Back to theodicy: reasons for God from Feser: (The nature of a \'Creator\')

by David Turell @, Sunday, February 18, 2024, 20:31 (277 days ago) @ David Turell

A study of Avicenna, Aquinas, & Leibniz:

https://edwardfeser.blogspot.com/2024/02/avicenna-aquinas-and-leibniz-on.html#more

"Avicenna, Aquinas, and Leibniz all present versions of what would today be called the argument from contingency for the existence of a divine necessary being.

"Avicenna
At least one thing exists. It has to be either necessary or contingent. If it’s necessary, then there’s a necessary being, and our conclusion is established. But suppose it is contingent. Then it requires a cause. Suppose that cause is a further contingent thing, and that that further contingent thing has yet another contingent thing as its own cause, and so on to infinity. Then we have a collection of contingent things. That collection will itself be either necessary or contingent. But it can’t be necessary, since its existence is contingent on the existence of its members. So, the collection must be contingent, and in that case it too must have a cause. That cause is either itself a part of the collection, or it is outside it. But it can’t be part of the collection, because if it were, then as cause of the whole collection, it would be the cause of itself. And nothing can cause itself. So, the cause of the collection of contingent things must be outside the collection. But if it is outside that collection, it must be necessary. So, there is a necessary being.

"Aquinas
Some things are contingent in nature, as is evident from the fact that they come into existence and go out of existence...So, if everything was contingent, then at some point nothing would have existed. But if there was ever a time when nothing existed, then nothing would exist now, since there would in that case be nothing around to cause new things to come into existence. But things do exist now. So, not everything can be contingent, and there must be a necessary being. Now, such a thing might derive its necessity from another thing, or it might have its necessity of its own nature. But there couldn’t be a regress of things deriving their necessity from something else unless it terminates in something having its necessity of its own nature. So, there must be something which has its necessity of its own nature.

"Leibniz
For anything that exists, there must be a sufficient reason for its existence. In the case of the contingent things that make up the universe, this cannot be found by appealing merely to other contingent things, even if the series of contingent things being caused by other contingent things extended backward into the past without beginning. For in that case, we would still need a sufficient reason why the series as a whole exists... So, the explanation cannot lie in the series itself. A complete explanation or sufficient reason can be found only if there is a necessary being that is the source of the world of contingent things. So, there must be such a necessary being.
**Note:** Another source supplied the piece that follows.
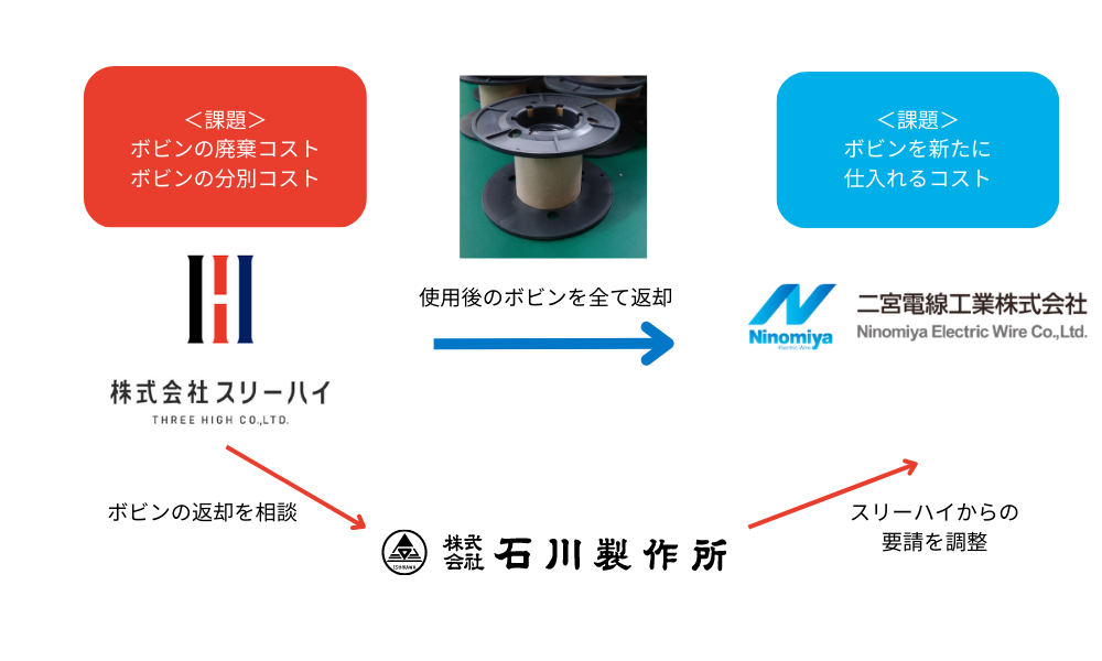 この雑談を受けたスリーハイの代表の男澤は「廃棄物削減のため、二宮電線工業に使用済みのボビンを戻したい」旨、両者間と取りまとめている商社である、石川製作所に相談をしました。

"Each of these thinkers goes on to argue that it can be shown that the necessary being must have the key divine attributes, and therefore is God.

***

"What do the arguments have in common? First, they all rest, of course, on the distinction between contingent beings and necessary beings, and argue that it cannot be that everything falls into the former class. Second, they all reason causally to the necessary being as the source of everything other than itself. Third, for that reason, they all have at least a minimal empirical component insofar as they appeal to the contingent things we know through experience and argue from their existence to that of a necessary being.

***

"A...similarity is that each of the arguments moves from a claim about contingent things considered individually to a claim about contingent things considered collectively, albeit in different ways. For Avicenna, just as an individual contingent thing requires a cause, so too does the totality of contingent things require a cause. For Aquinas, just as individual contingent things must fail to exist at some point, so too must the collection of contingent things fail to exist at some point, at least if there were no necessary being. For Leibniz, just as individual contingent things require an explanation outside them, so too does the collection of contingent things require an explanation outside it.

***

"Avicenna’s and Aquinas’s arguments essentially consider reality under the guise of the transcendental attribute of being. The being of contingent things, they argue, must derive causally from the being of something that exists in an absolutely necessary way. Leibniz’s argument, by contrast, essentially considers reality under the transcendental attribute of truth. The intelligibility of contingent things, he argues, presupposes a necessary being which is intelligible in itself rather than by reference to something else.

***

"Any...differences between the three arguments seem to me to reflect these three fundamental differences. And the differences are important, both because they capture different aspects of reality, and because they entail that some objections that might seem to have force against one version of the argument from contingency will not necessarily apply to other versions."

Comment: It is all still cause and effect. To explain why we are here, there must be a first cause, and per ID it is way too complex for chance. The "attributes of God" are all the same untold version in this article.